Medical researchers without an understanding of that mistrust and the history behind it will likely not get very far in recruiting diverse patient populations for their studies, Fields said.
“It is probably not going to be very well accepted, especially if you have not done your due diligence and did an honest partnership with a community that you are trying to include in your research,” he explained.
“Basically, there should be no research done on us that does not include us,” Fields emphasized. “What that essentially means is if you are going to design any type of research study or clinical research outreach, clinical trial, whatever it is, it really should be planned in partnership with the community that you are trying to include.”
This issue comes from the top, Fields suggested. In addition to a study participant diversity issue, the medical research industry faces a researcher diversity issue. Most of the medical researchers getting funding out of the NIH are White, Fields noted, which doesn’t help much to diversify the participant pool.
“So NIH, even in its voter analysis, has admitted that there is a dearth of funding that has been done for principal investigators that are people of color,” Fields said. “The research that is still being funded is mainly White researchers. They are mostly the ones mainly being funded. Then, that sort of gets trickled down into the project—how what gets published and when it gets published, the dissemination of it, how it gets presented back.”
In 2020, the NIH offered up some data about the race of researchers receiving certain types of grants in 2018. The data showed a 10 percent funding gap between Black and White researchers when controlling for factors like proportion of grant applications. When controlling for relevant factors, Black researchers received 2 percent of RO1 grants.
As NIH continues its work to fund more Black researchers, Fields said it should also create requirements for more diversity within a trial participant pool.
“If you really want to change it from the very top from the funding agencies, they need to start putting in the RFP requirements that your participants in your research must reflect the diversity of the population living in the United States,” he recommended. “You make it a criterion in order for you to get your funding.
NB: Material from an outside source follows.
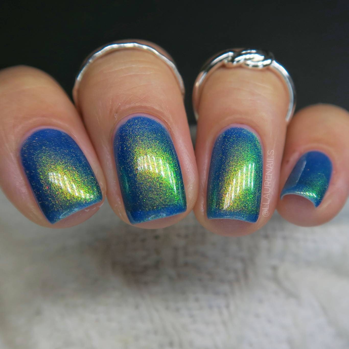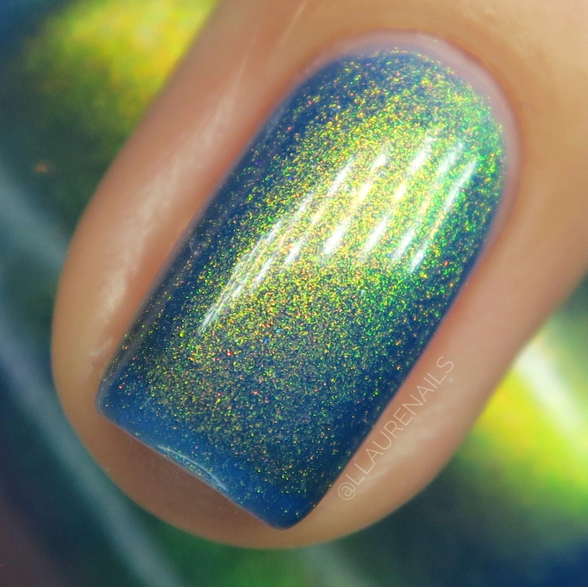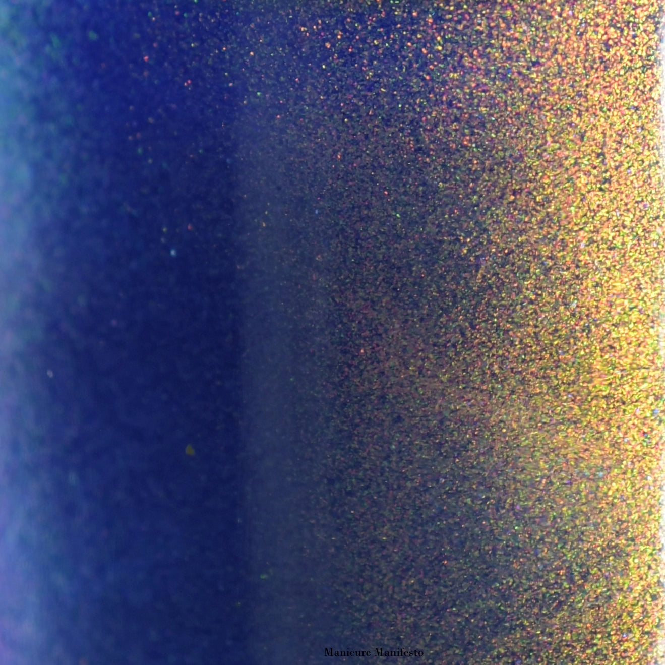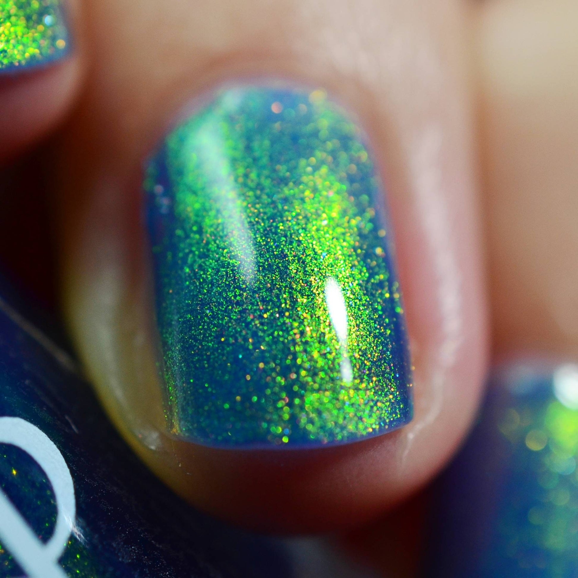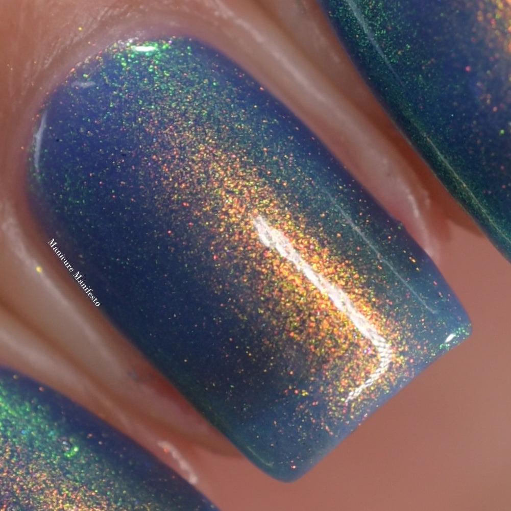 Dive into "Dreamy Sea". Multichrome shimmer swims in a sheer sapphire blue base. Flashes of greens, copper and gold can be seen flowing throughout. Wear alone for one look or wear over black or white base for a different effect.

So you say to those researchers, you must now include women, you must have diversity of races and ethnicities.”
Fields said the NIH All of Us campaign has been a great proving ground for this, demonstrating the best way to create a field of diverse patient data used for medical research.
“The participants are coming from all backgrounds, one million of them that will truly reflect the whole diversity of our country and the research is going to use that database and really learn how biology, our lifestyle, the environment really affects our health,” he concluded. “It is going to provide a public resource because all types of researchers will have access to this database, particularly they are working within the requirements. The participants must reflect this type of diversity in a true partnership.”